May 21, 2024

News from the Oil Patch: Jan. weather shuts-in 18% of Kansas crude production

Posted May 21, 2024 4:00 PM

News from the Oil Patch, May 20
John P. Tretbar

Winter weather in January wreaked havoc in the oil patch across the U.S., but until now we didn't know the extent of the slowdown here in Kansas. The latest numbers from the Kansas Geological Survey show glacial Kansas crude production in January, down 18% from the month before. Total output in the Sunflower State dropped from the historically low 71,000 barrels a day in December, to just over 58,000 barrels a day in January. Statewide production is down 21% from a year ago. Barton County output was down 15% from December. Ellis County dropped by 12%. Output in Russell County dropped 9.0% while Stafford County dipped 16%.Baker Hughes reports a slight uptick in drilling activity for the week, with 604 active drilling rigs nationwide, an increase one oil rig. The tallies in Texas and Oklahoma were each up one while New Mexico was down two rigs.

The Kansas Rig Count is up slightly from a week ago, but down slightly from a year ago. Independent Oil and Gas Service reports 31 active rigs. The tally is up one rig in eastern Kansas at 14, and unchanged west of Wichita at 17 active rigs.. Drilling was underway on Monday on a lease in Russell County.

Kansas regulators last week okayed six new drilling permits statewide. There's one in Barton County and one in Ellis County out of four in Western Kansas.

Operators completed 34 wells in Kansas last week. Independent Oil and Gas Service reports 15 of those were west of Wichita, including one in Barton County and one in Stafford County.

Government crude purchases for the SPR continue as commercial stockpiles drop. Weekly inventory data from the Energy Information Administration show the government bought another 600,000 barrels of crude last week in its ongoing effort to refill the Strategic Petroleum Reserve. The Energy Department sold off about half of our strategic reserves to stave off big price increases after Russia invaded Ukraine.US commercial crude-oil stockpiles dropped by more than two and a half million barrels last week to 457 million as of May 10. That's about four percent below the five year average for this time of year.

EIA reported a drop in US crude production for the third week in a row. Domestic operators pumped 13,117,000 barrels per day in the week through May 10. Seasonal declines in production in Alaska account for the difference of 4,000 barrels a day from a week ago, and more, bigger differences from the last several weeks.
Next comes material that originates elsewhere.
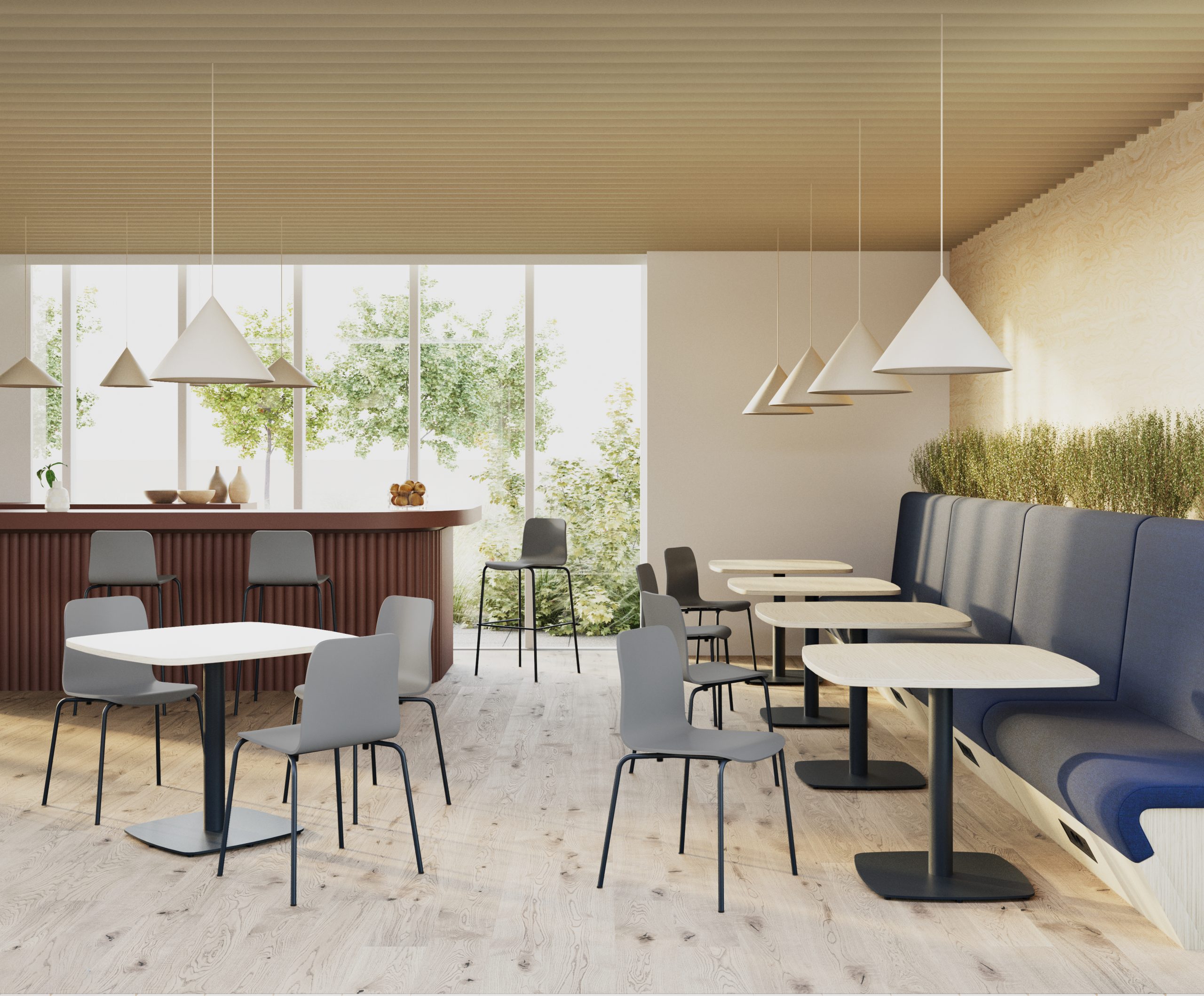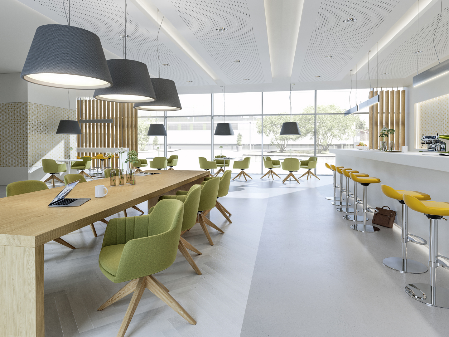 Schallabsorption durch Wand-, Decken- oder Möbelakustik ist essenziell für konzentriertes Arbeiten und gelungene Kommunikation.

Output has topped 13.1 million barrels a day in each of the last 16 weekly reports, and in 30 out of the last 31.Tens of thousands of acres are charred in the province of Alberta, where wildfires spurred evacuations in the heart Canada's oil-sands industry. According to CBC News, more than 50 wildfires raged in Alberta by Tuesday (5/14). A provincial agency called Alberta Wildfire said the blazes grew dramatically a week earlier, when the sun came out, the humidity dissipated, and the winds shifted. No injuries have been reported.

The government reported another increase in wells drilled but uncompleted (DUC) in the nation's major shale basins. That hasn't happened for two months in a row since March of last year. It means operators drilled more wells than they completed in the seven shale basins tracked by the government. With DUCs, operators can quickly ramp up production when prices rise. The Energy Information Administration reports a total of 4,510 DUCs nationwide in April, an increase of six wells over March. The March tally was up nine wells from February. The U.S. is a net petroleum exporter, but we import more crude oil that we ship out. The difference went up last week, following several weeks of declines. The Energy Information Administration reports crude imports topped exports by 2.6 million barrels a day in the week through May 10th. Domestic crude exports were down by 333-thousand barrels to 4.1 million barrels a day. Crude imports averaged 6.7 million barrels a day, down about a quarter million barrels from a week ago. The four week average for crude exports and imports are each up about seven percent from a year ago.

Petroleum product exports top imports by nearly 4.3 million barrels a day.  Product imports are down more than 13% week over week, while exports dropped about ten percent.